I wish to respond to Kerry Franklin’s letter that appeared in the Review last week, in which she labels people who care about the environment as “working for the government” and “the lot of you”. This shows a lack of respect for those who care about the future of this area and the people who live here. I have backed off from responding to this type of mail for some time, but today I feel the need to speak up.
Kerry, do you remember the days of the CIP when we could smell Hawkesbury from miles away? That company did provide some economic activity at the time, but did not create lasting wealth. Almost 30 years since its closure, Hawkesbury is still trying to clean up the stinking contaminated soil at the cost of millions of dollars to restore its shoreline and Hawkesbury remains one of the poorest towns in Ontario.
The proposed cement plant in L’Orignal is a similar large polluting industry with investors from Quebec who stand to gain from exporting most of the cement to the USA. The plant will burn petroleum coke which releases much higher concentrations of  sulphur dioxide than the burning of coal, as well as hydrogen chloride, nitrous oxides, carbon monoxide and CO2, all of which cannot be filtered out. The resulting acid rain will have devastating effects on the surrounding farms and residences, including schools and nursing homes as well as the Ottawa River. Added to the mix are the hundreds of heavy diesel trucks involved daily in moving these materials  to and from the proposed plant. I will not include the long list of adverse effects such a plant would have on the area because I have already written several letters on this subject. I just wish to remind people of the long term damage such an industry would have on this area and all for a few dollars. The answer to building our economy is to invest in local small and medium businesses rather than foreign polluting giants who bully their way into our locality where they see only dollar signs.

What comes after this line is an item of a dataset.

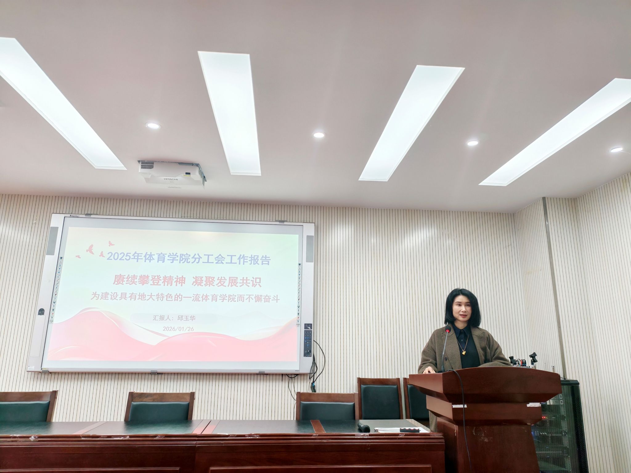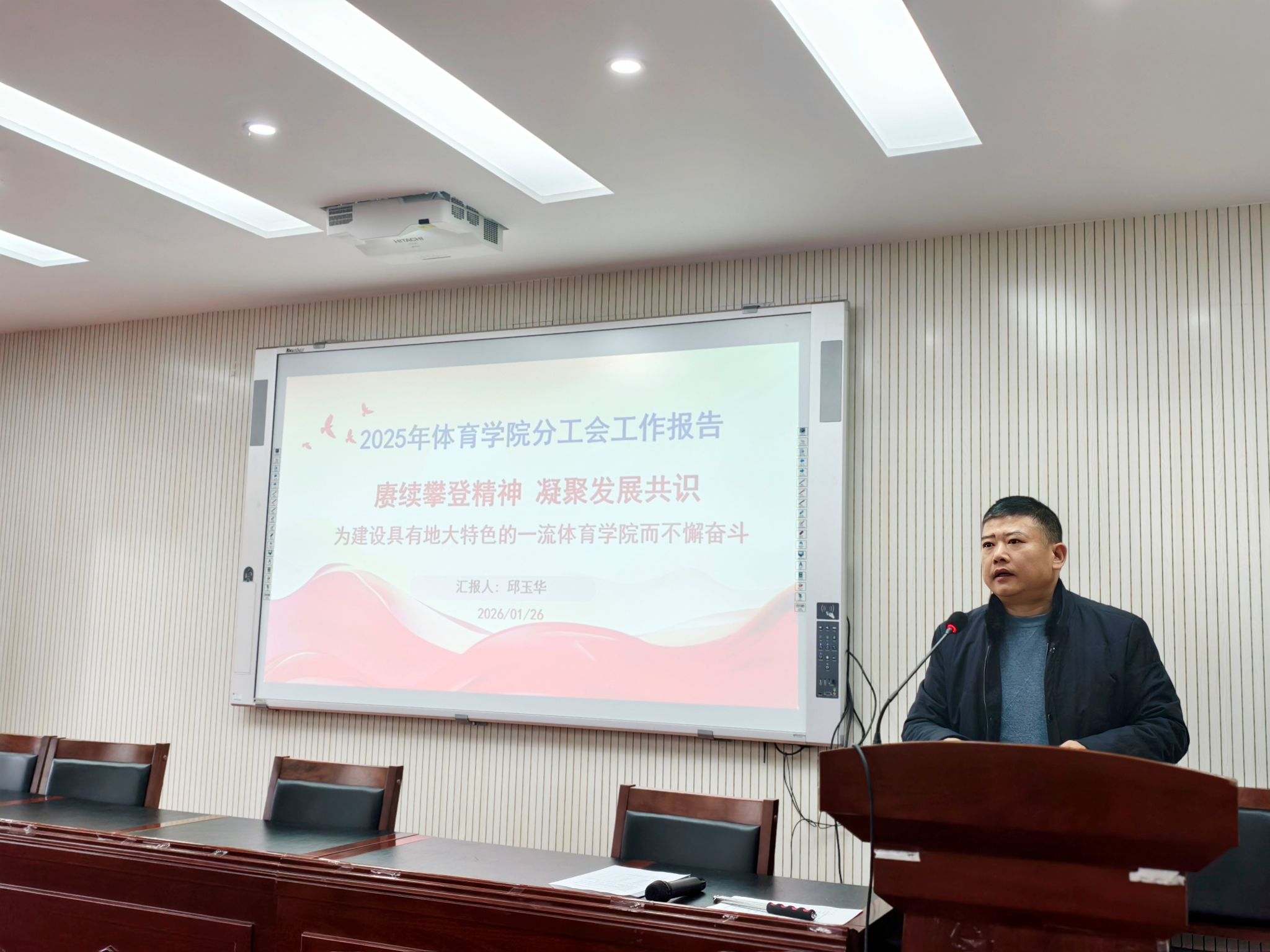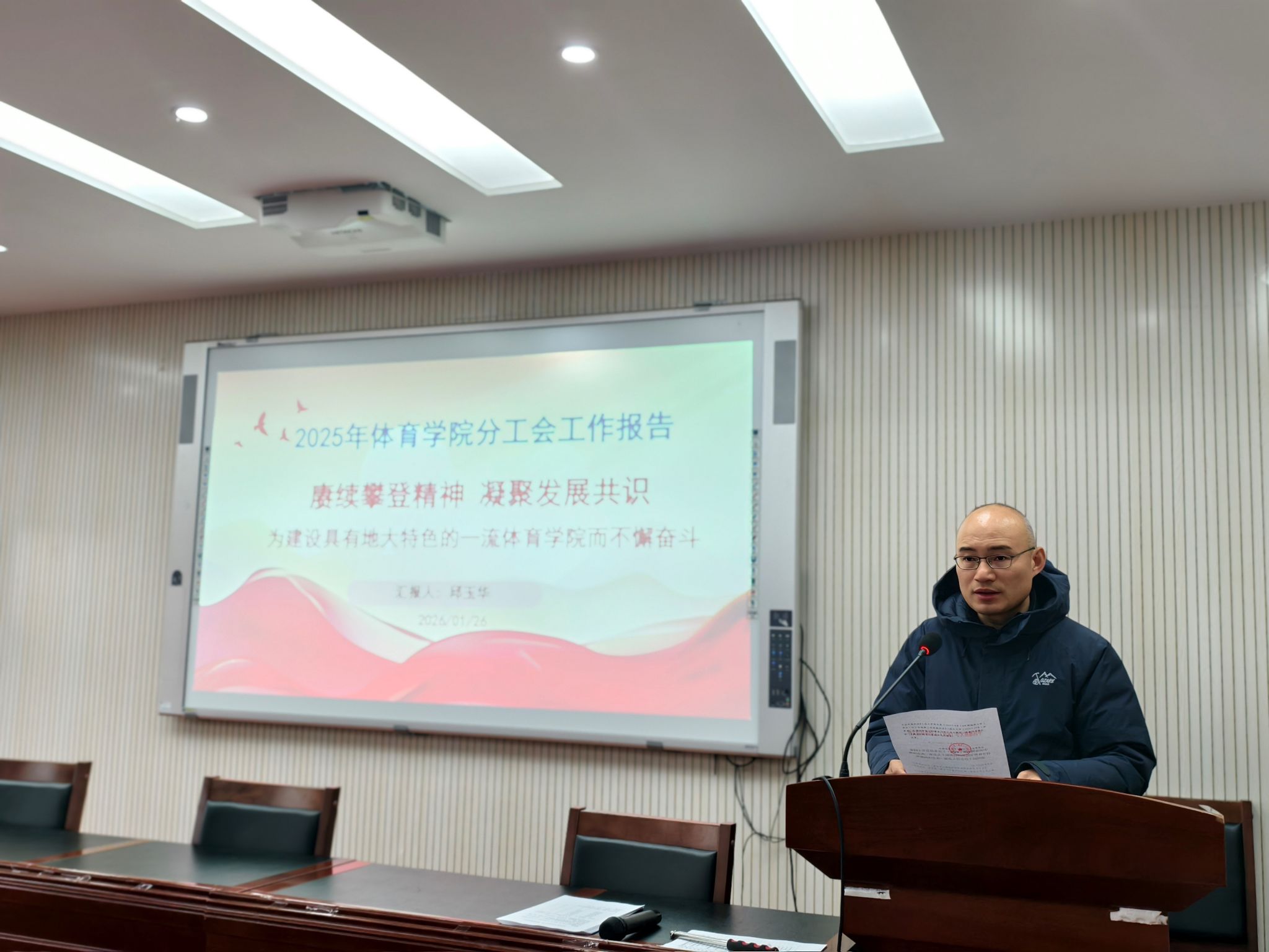 会上,太阳成集团tyc院长李元宣读了校工会关于同意召开本次会议的批复文件,并作2025年度太阳成集团tyc工作报告。报告全面回顾了太阳成集团tyc过去一年在人才培养、学科建设、师资队伍、体育教学、竞赛训练、社会服务等方面取得的丰硕成果,深入分析了当前发展面临的机遇与挑战,并明确了下一阶段建设具有地大特色一流太阳成集团tyc的重点任务与发展路径。报告数据详实、目标清晰,得到了全体与会人员的高度认同。
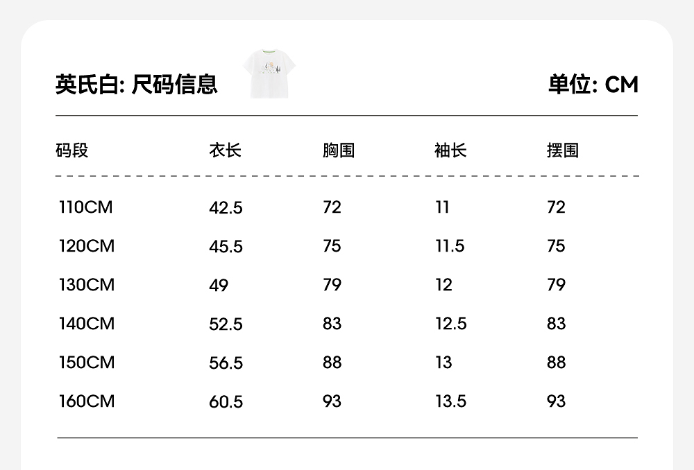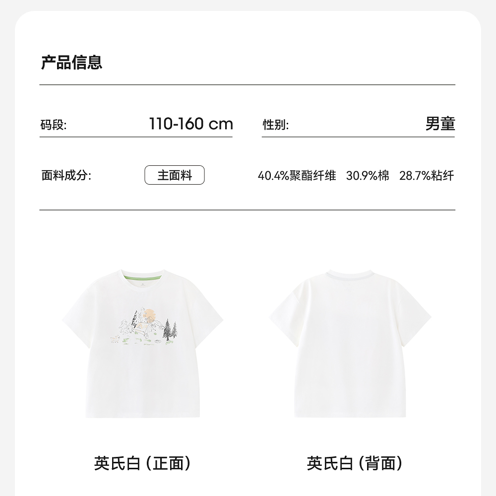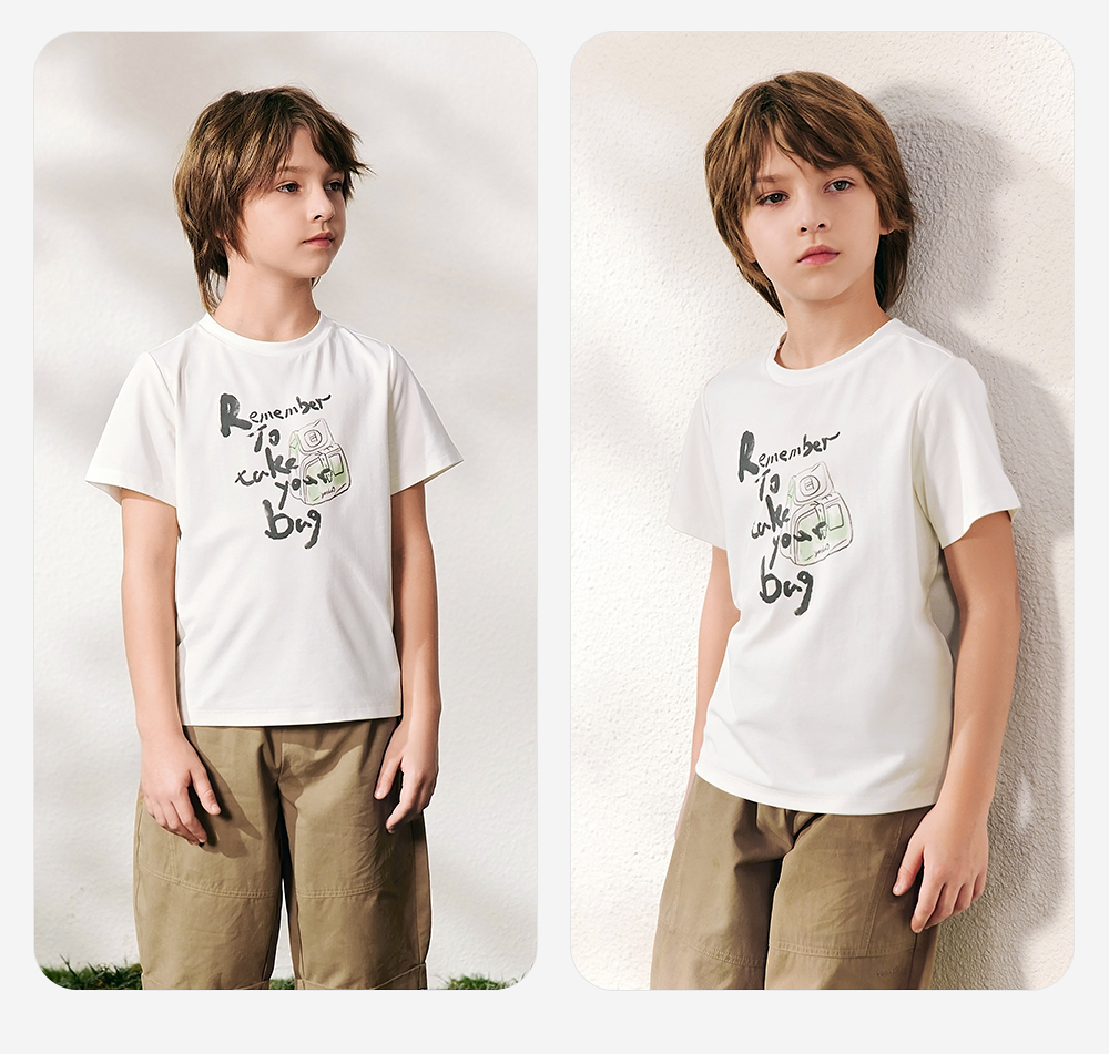 英氏儿童T恤夏季透气凉感白T短袖男童女童休闲T恤中大童2025新款

To sum up my concern here, I want to remind the reader that the top environmental problems we face are not only the resulting climate change and ecosystem collapse, but as revealed by Kerry Franklin’s letter, the greater problems are selfishness, greed and apathy.  (Quick money is not the answer here) To deal with these we need a spiritual and cultural transformation that looks beyond our pocketbooks to the reality of the big picture. The responsibility rests with each citizen of Champlain. Apathy has become our greatest enemy and, unless people speak out and get involved, could be our downfall down the road, when it will be too late to turn back the clock.